In addition to the absence of major acquisitions, 2013 also saw a decline in financing activity by oil and gas issuers. While a select few were able to raise the equity they required, many others could not – at least until Q4 when a spike in oil and gas-related capital markets activity occurred. The numbers of oil and gas issuers on the TSX and TSXV, the number of financings by those issuers and the aggregate equity capital raised to the end of Q3 of this past year were all significantly lower than over the same period in 2012.

The key question for 2014 is whether Canada’s energy sector will begin to see an upswing in M&A activity and, if so, where that upswing will first be felt. As transactional counsel to a significant number of companies in the energy sector, we have identified a number of trends, opportunities and challenges that are likely to influence Canada’s M&A activity in 2014.

1. Scrutiny of SOEs will continue to chill the market for Asian investors

It has been just over a year since Prime Minister Stephen Harper’s announcement – following months of controversy – of reforms to the Investment Canada Act that effectively prevented further acquisitions of majority stakes by SOEs like CNOOC and PETRONAS in the oil sands, and appeared to cast a pall over the perception of Canada as a welcoming destination for foreign investment.

The changes announced in 2012 were enacted in June 2013, although not all of the changes have taken effect. The SOE guidelines were amended to clarify that, in addition to considerations regarding the corporate governance of the investor and its management on profit-maximizing lines, the degree of foreign-state control of the SOE would be considered, along with the importance of the Canadian target in the industry and the degree of existing participation of SOEs in the sector. In the words of the Prime Minister, “Canadians have not spent years reducing the ownership of sectors of the economy by our own governments only to see them bought and controlled by foreign governments instead.” Majority acquisitions in the oil sands by SOEs will be permitted going forward only on an “exceptional basis”.

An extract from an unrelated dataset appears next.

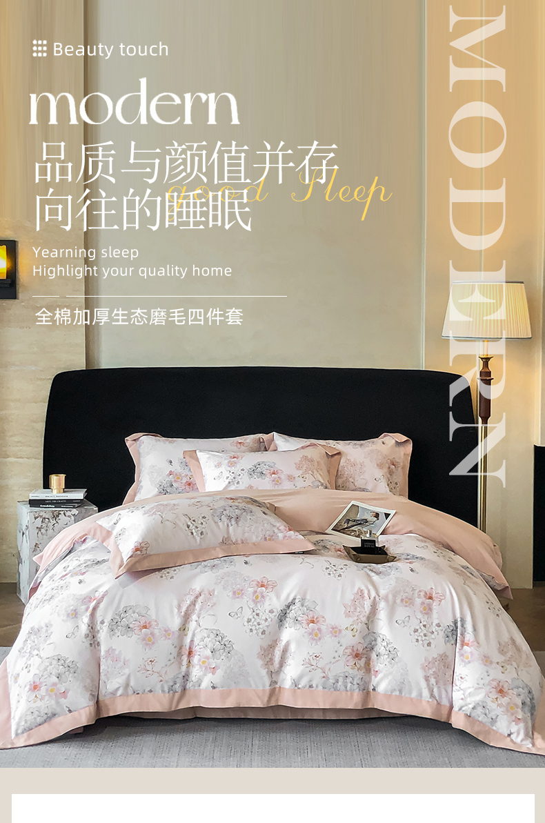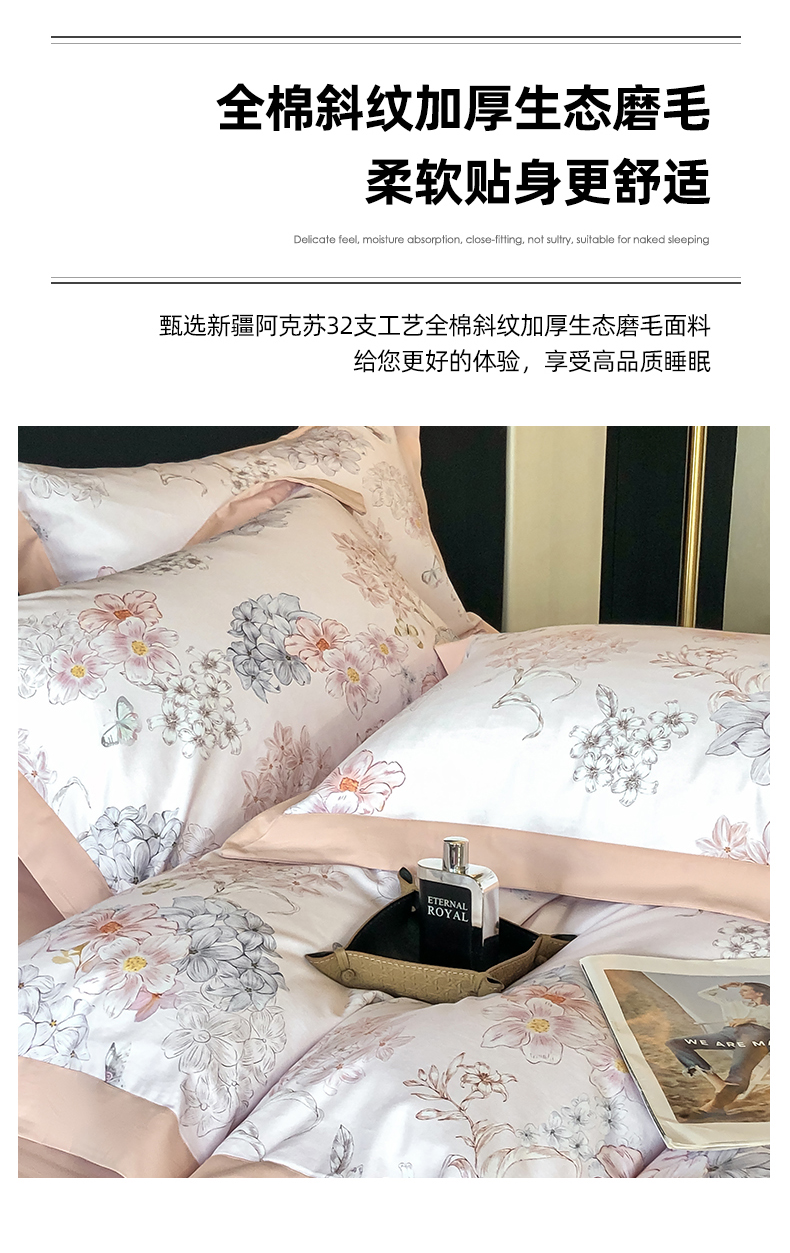 (总)薏思家纺 2025新款全棉纯棉数码印花双宽边磨毛四件套-繁花,春光郁金粉,花茉里-米白,克洛伊粉,克洛伊灰,暮光幽紫,蔷薇之恋,恬觅,温婉粉,舞 绿,心柔-绿,叶伴花香

The Investment Canada Act itself was also amended in June 2013 to include a broad definition of SOEs – including entities that are “influenced” by foreign states. The Minister has been given the power to determine – retroactively – whether an investor is in fact an SOE or in fact controlled by an SOE, even if it does not meet the test for “control” that otherwise applies in the Act. As well, the higher dollar thresholds for the review of transactions by Industry Canada will not apply to SOEs.

At the same time, the Government began to use its new (since 2011) national security powers under the Act. Despite pronouncements welcoming – indeed urging – foreign investment in telecommunications, national security reviews led to the demise of two proposed high-profile telecom investments in Wind Mobile Canada and in Manitoba Telecom’s Allstream division by foreign acquirors.

Together with depressed prices for Canadian oil and gas production, high costs and regulatory burdens, the uncertainty over deal completion created by Ottawa’s pronouncements on SOEs and its unexplained rejections of the telecom deals has poured cold water on foreign investment in the energy sector, estimated by CIBC in late 2013 to be down 92% from the same period in 2012.

2. There will be lots of properties for sale. Will there be buyers for them?

Persistently low natural gas prices and an oversupply have resulted in several large producers, including Penn West Exploration, Talisman and Encana Corporation, announcing asset disposition programs in an effort to shift their focus away from natural gas to liquids-rich gas and light oil plays. In addition, Devon Energy recently announced its intention to sell most of its Canadian natural gas properties to help finance its US$6B acquisition of GeoSouthern Energy’s Eagle Ford light oil assets.

These asset disposition programs add more properties to an already overcrowded market that has been characterized by unsuccessful attempts to sell assets and joint venture offerings that were postponed or withdrawn because of a lack of interest.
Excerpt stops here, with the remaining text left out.